At the same time, farm yields in the country remain among the lowest in the world. Even though more people appear to have been incentivised to take up farming owing to government’s increasing rhetoric, land under cultivation has increased in some places (where insecurity is not a deterrence), but actual productivity in terms of yield has not substantially improved. Infrastructure for the entire agricultural value chain has also implied many countries have an edge over Nigeria, and invariably, imported goods become cheaper.

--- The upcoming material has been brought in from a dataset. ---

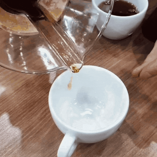 추출된 커피를 강사님께서 직접 따라주셨어요~ 근데 아까 묻어있는 원두가루를 보셨는지 손으로 슥슥 닦아주시네요 ㅋㅋㅋㅋ (머쓱하네요 ㅎㅎ..)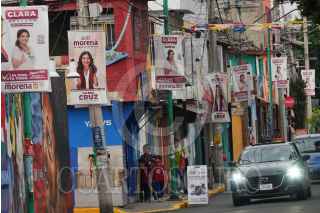 CIUDAD DE MÉXICO, 04JUNIO2024.- Decenas de lonetas y rótulos siguen visibles en calles de la alcaldía Iztapalapa a pesar de que en otras alcaldías y avenidas principales de la capital comenzaron con brigadas de limpieza y retiro propaganda electoral. FOTO: GRACIELA LÓPEZ /CUARTOSCURO.COM

“Many of the countries where these things ( i. e., agricultural goods) are coming from have built an infrastructure that makes it a lot cheaper ( to produce). The cost of doing business in those countries is far lower,” said Emmanuel Ijewere, vice president, Nigeria Agribusiness Group (NABG), told Businessday in an earlier report. “They have electricity, good roads and so on, so they already have an advantage over us.”
The president, according to the statement, said some states like Kebbi, Ogun, Lagos, Jigawa, Ebonyi and Kano had already taken advantage of the Federal Government’s policy on agriculture with huge returns in rice farming, urging more states to plug into the ongoing revolution to feed the nation.
However, as BusinessDay analysis of data in the Agriculture Promotion Policy released in 2016 has noted, Nigeria has a deficit across every type of food produce. In fact, Nigeria as at 2016 had a 20.14 million metric tonne deficit across 13 major crops and a 60 million poultry bird deficit. Three years later, with the rapidly growing population, and insecurity threatening farming activities in many parts of the country, this deficit would have increased substantially.
According to the National Bureau of Statistics (NBS), in the first quarter of 2019, the trade in agricultural goods stood at N322.4 billion representing 3.9 percent of the value of total trade. The export component of this trade was valued at N86.1 billion. Compared with N97.3 billion recorded in the previous quarter, this represented a decrease of 11.89 percent, but indicates an increase of 17.5 percent when compared with Q1, 2018.
In terms of imports, agricultural products were valued at N236.33 billion or 6.4 percent of total imports during the period under review. The major driver was Durum wheat (not in seeds) imported from the United States and Russia at values of N19.6 billion and N17.8 billion, respectively. Other drivers were Durum wheat in seed imported from Argentina (N18.7 billion) and the United States (N18.1 billion).
Following wheat in the first quarter was Mackerel ( Scomber scombrus, Scomber australasicus, Scomber japonicus) meat, herrings and other frozen protein food items.
“We have achieved food security, and for physical security we are not doing badly,” Buhari said in the tweets by Shehu. However, 5.3 million Nigerians experienced acute food crisis in 16 states of northern Nigeria last year, as the country was identified among eight countries with the worst food crises in 2018, which accounted for two thirds of the total number of people facing acute food insecurity in the world – amounting to nearly 72 million people. This was the finding of the 2019 Global Report on Food Crises, which highlighted northern Nigeria as the driver of food insecurity, with the country in the league of eight countries expected to remain among the world’s most severe food crisis regions in 2019.
As Businessday reported, things may improve, but they could also get worse, as an additional 22.7 million Nigerians in the north alone are at risk of food crisis if things do not improve. The number will increase dramatically when the southern regions begin to feel the pinch of insecurity more than being currently experienced, leading to an even worse decrease in food production.